Applying a network framework to the neurobiology of reading and dyslexia

Affiliations

Applying a network framework to the neurobiology of reading and dyslexia

Stephen K Bailey et al. J Neurodev Disord. .

Abstract

Background: There is a substantial literature on the neurobiology of reading and dyslexia. Differences are often described in terms of individual regions or individual cognitive processes. However, there is a growing appreciation that the brain areas subserving reading are nested within larger functional systems, and new network analysis methods may provide greater insight into how reading difficulty arises. Yet, relatively few studies have adopted a principled network-based approach (e.g., connectomics) to studying reading. In this study, we combine data from previous reading literature, connectomics studies, and original data to investigate the relationship between network architecture and reading.

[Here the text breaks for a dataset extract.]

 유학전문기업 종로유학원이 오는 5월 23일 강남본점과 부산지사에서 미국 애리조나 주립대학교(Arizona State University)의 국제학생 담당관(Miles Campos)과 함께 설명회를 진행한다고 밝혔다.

Methods: First, we detailed the distribution of reading-related areas across many resting-state networks using meta-analytic data from NeuroSynth. Then, we tested whether individual differences in modularity, the brain's tendency to segregate into resting-state networks, are related to reading skill. Finally, we determined whether brain areas that function atypically in dyslexia, as identified by previous meta-analyses, tend to be concentrated in hub regions.

Results: We found that most resting-state networks contributed to the reading network, including those subserving domain-general cognitive skills such as attention and executive function. There was also a positive relationship between the global modularity of an individual's brain network and reading skill, with the visual, default mode and cingulo-opercular networks showing the highest correlations. Brain areas implicated in dyslexia were also significantly more likely to have a higher participation coefficient (connect to multiple resting-state networks) than other areas.

Conclusions: These results contribute to the growing literature on the relationship between reading and brain network architecture. They suggest that an efficient network organization, i.e., one in which brain areas form cohesive resting-state networks, is important for skilled reading, and that dyslexia can be characterized by abnormal functioning of hub regions that map information between multiple systems. Overall, use of a connectomics framework opens up new possibilities for investigating reading difficulty, especially its commonalities across other neurodevelopmental disorders.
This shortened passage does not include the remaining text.